How to begin a vegan lifestyle?
The very first step before beginning the transition is to familiarize yourself with the vegan diet and lifestyle. It’s very important to be fully informed and prepared once you begin to change your lifestyle.
- Be aware of the good parts and benefits of a vegan lifestyle and also try to inform yourself about the risks and costs of the production of animal products.
- Make sure you know how to find out if a product is vegan or not. Get to know which ingredients aren’t allowed on a vegan diet and always read the labels carefully in order to find the less obvious animal-derived ingredients.
- Watch as many vegan documentaries as you can, read as many books, magazines, vegan blogs and websites as you can fit in your time and even talk to your vegan friends or acquaintances. This way you’ll find a lot of good insight and you’ll realize that this transition is not that scary and totally worth it.
- Make a list of vegan restaurants that are close to your place and make a research on local vegan products at your favorite grocery store.
- Create a complete plan of how to assimilate beneficial nutrients while following a vegan diet. This way you’ll make sure you won’t have any nutrient deficiencies.
- Explore new vegan recipes!
Do you have a strong motivation to change your diet?
You should know from the start that adopting a vegan diet and just “going on a diet” are not the same thing. It’s easier to follow a diet and indulge yourself with some snacks from time to time, but changing to veganism is more serious than that.
Naturally, you’ll be more motivated and focused on your goal when you have a strong reasoning behind your decision. I’m pretty sure that after you’ll find out about all the benefits of a vegan diet and the downsides of consuming animal products, you’ll never want to go back.

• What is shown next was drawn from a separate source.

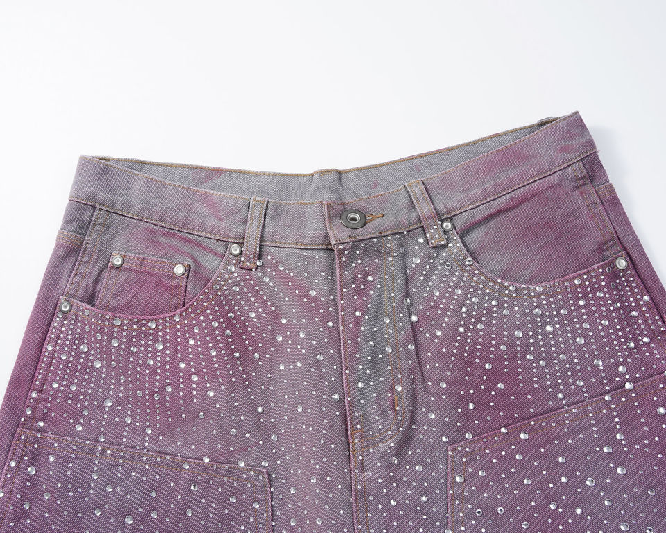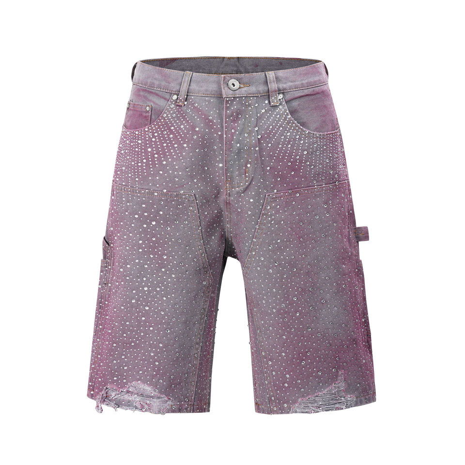 กางเกงยีนส์ขาสั้นผู้ชายผ้าฝ้าย 100% สไตล์ลำลองขายส่ง แต่งคริสตัลเต็มตัว ทรงหลวม สไตล์สตรีท ระบายอากาศได้ดี ความยาวระดับเข่า
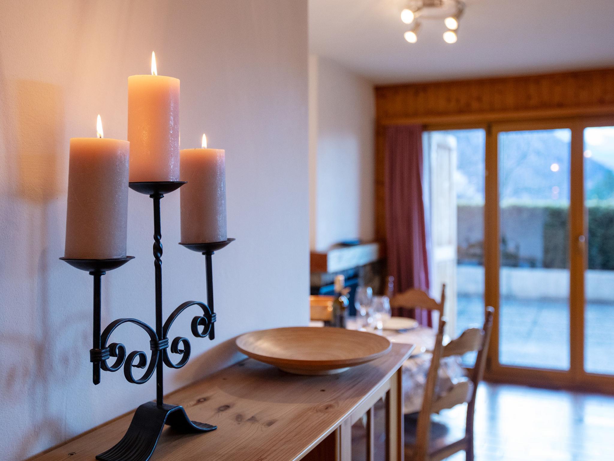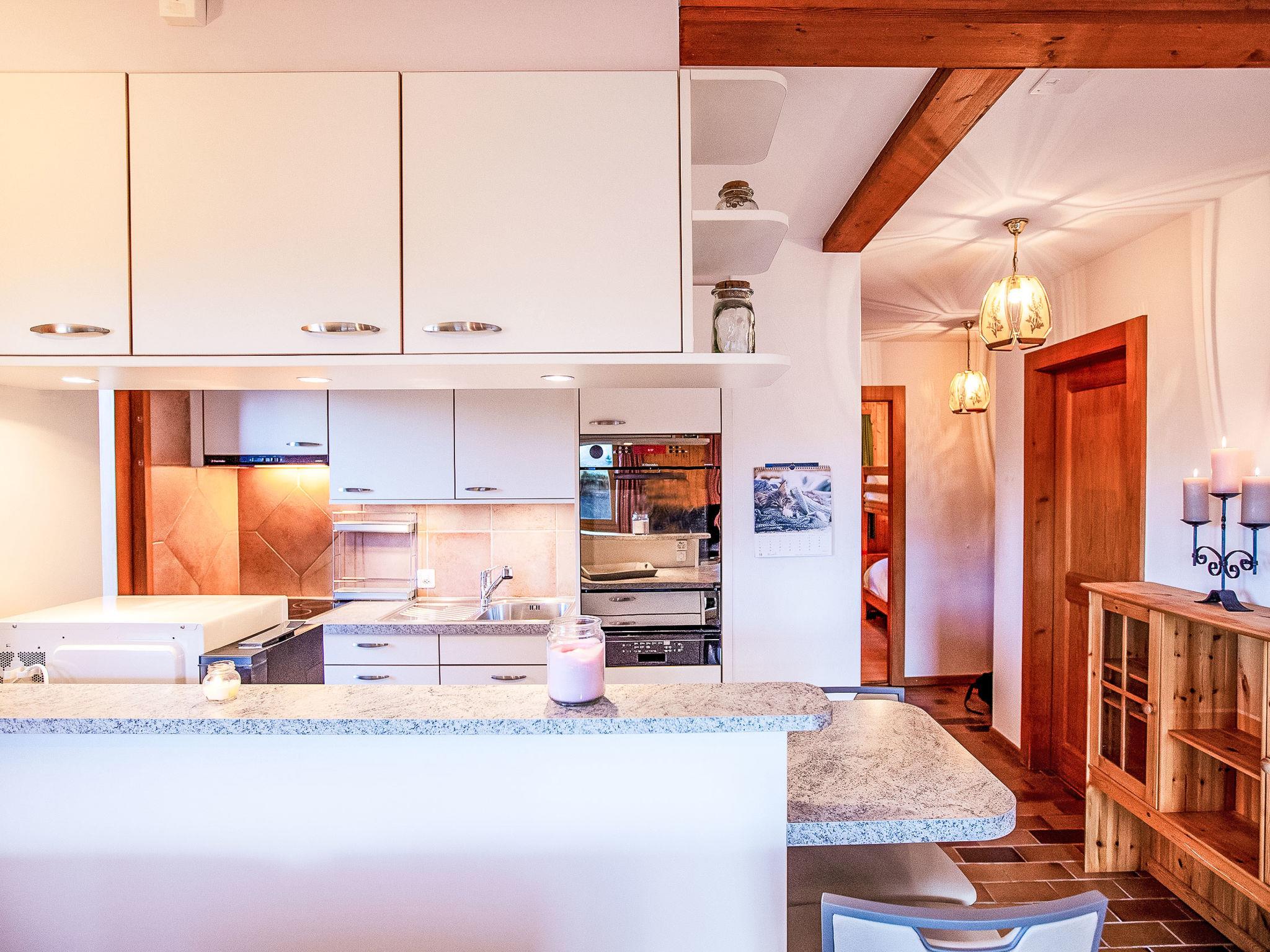 "Le Schuss 1", 3-room apartment 52 m2, on the ground floor, south-east facing position. Object suitable for 2 adults + 2 children. Comfortable and beautiful furnishings: living/dining room with open-hearth fireplace, dining table and TV (flat screen). Exit to the terrace, south-east facing position. 1 room with 1 double bed (1 x 160 cm, length 200 cm). 1 room, without wardrobe with 1 x 2 bunk beds (90 cm, length 200 cm). Open kitchen (dishwasher, 4 ceramic glass hob hotplates, toaster, kettle, freezer, electric coffee machine, Capsules for coffee machine (Delizio) extra, steamer, raclette grill, fondue Set (cheese)). Exit to the terrace, south-west facing position. Shower/WC. Large terrace 25 m2, south-east facing position and south-west facing position. Terrace furniture. Beautiful view of the mountains. Facilities: washing machine, hair dryer. Internet (WiFi, free). Parking space n 1 (roofed, 1 car). Please note: non-smokers only.

Once you open your eyes to the real things that happen with our environment and health, you’ll see why the effort of adopting a vegan lifestyle is totally worth it and you won’t even want to go back!
Always try to keep a positive attitude
The transition might be hard and stressful in the beginning – and that’s a normal thing. One advice that I want to give you is to always focus on the healthy, delicious food you can cook and consume from now on and not on all the things and flavors you are giving up.
Even though it sometimes may not seem like it – there are tons of yummy vegan foods out there! And you should always keep in mind that all the old foods you are giving up can always be ‘veganized’ and transformed into something way healthier but with a very similar taste!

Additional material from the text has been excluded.